▸ **Work to complete**:
Set down exactly the lines from the one containing "Disconnect negative battery" to the final line of the records below, with every picture omitted.

▸ **Recorded information**:
------------------------------------------------------------

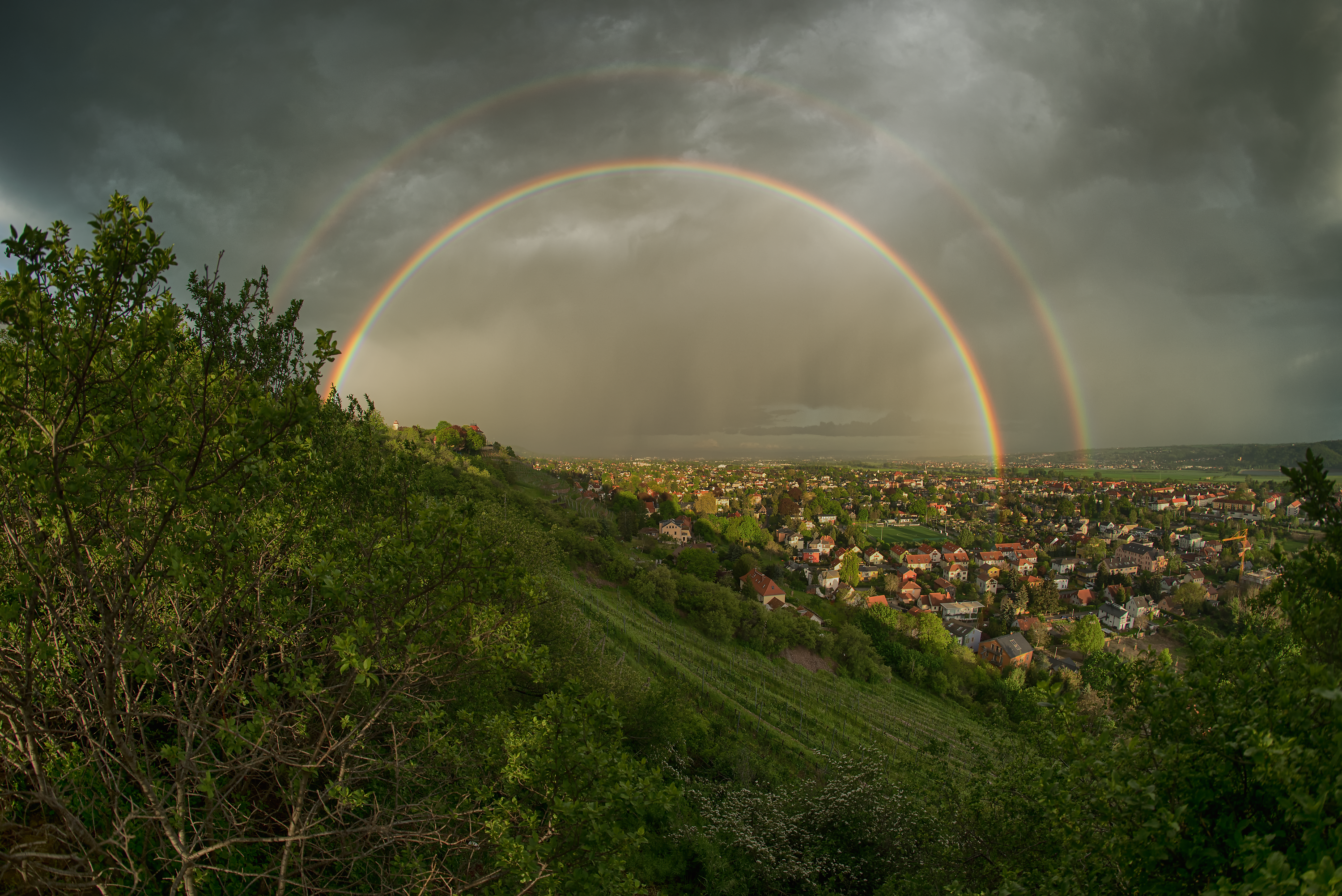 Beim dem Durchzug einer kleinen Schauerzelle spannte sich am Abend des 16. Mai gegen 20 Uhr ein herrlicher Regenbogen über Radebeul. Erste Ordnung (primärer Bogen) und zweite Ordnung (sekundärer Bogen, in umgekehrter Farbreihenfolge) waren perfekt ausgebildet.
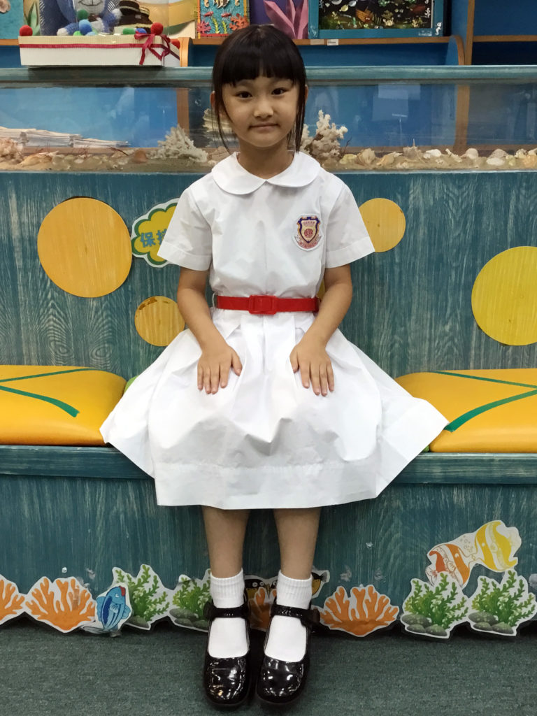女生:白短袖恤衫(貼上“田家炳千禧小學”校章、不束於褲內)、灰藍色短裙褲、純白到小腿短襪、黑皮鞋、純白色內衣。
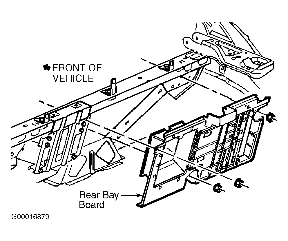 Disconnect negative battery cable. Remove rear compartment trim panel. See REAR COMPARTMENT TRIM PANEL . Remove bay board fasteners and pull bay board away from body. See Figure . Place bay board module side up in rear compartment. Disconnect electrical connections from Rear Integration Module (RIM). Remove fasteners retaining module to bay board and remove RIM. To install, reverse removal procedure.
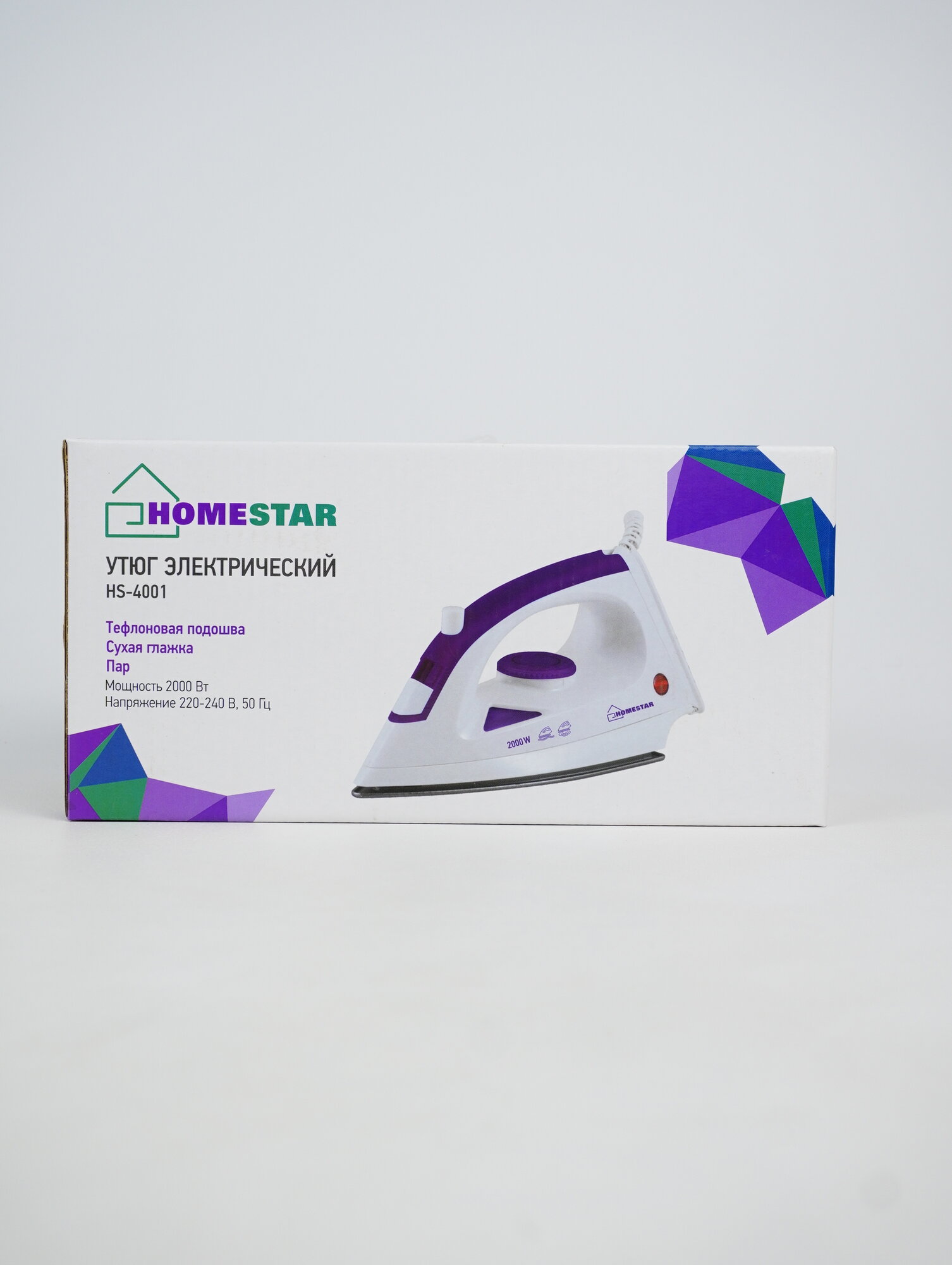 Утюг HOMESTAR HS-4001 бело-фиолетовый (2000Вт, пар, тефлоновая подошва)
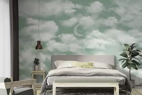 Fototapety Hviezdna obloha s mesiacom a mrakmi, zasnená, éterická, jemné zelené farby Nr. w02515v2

------------------------------------------------------------

▸ **Expected answer**:
 Disconnect negative battery cable. Remove rear compartment trim panel. See REAR COMPARTMENT TRIM PANEL . Remove bay board fasteners and pull bay board away from body. See Figure . Place bay board module side up in rear compartment. Disconnect electrical connections from Rear Integration Module (RIM). Remove fasteners retaining module to bay board and remove RIM. To install, reverse removal procedure.
 Утюг HOMESTAR HS-4001 бело-фиолетовый (2000Вт, пар, тефлоновая подошва)
 Fototapety Hviezdna obloha s mesiacom a mrakmi, zasnená, éterická, jemné zelené farby Nr. w02515v2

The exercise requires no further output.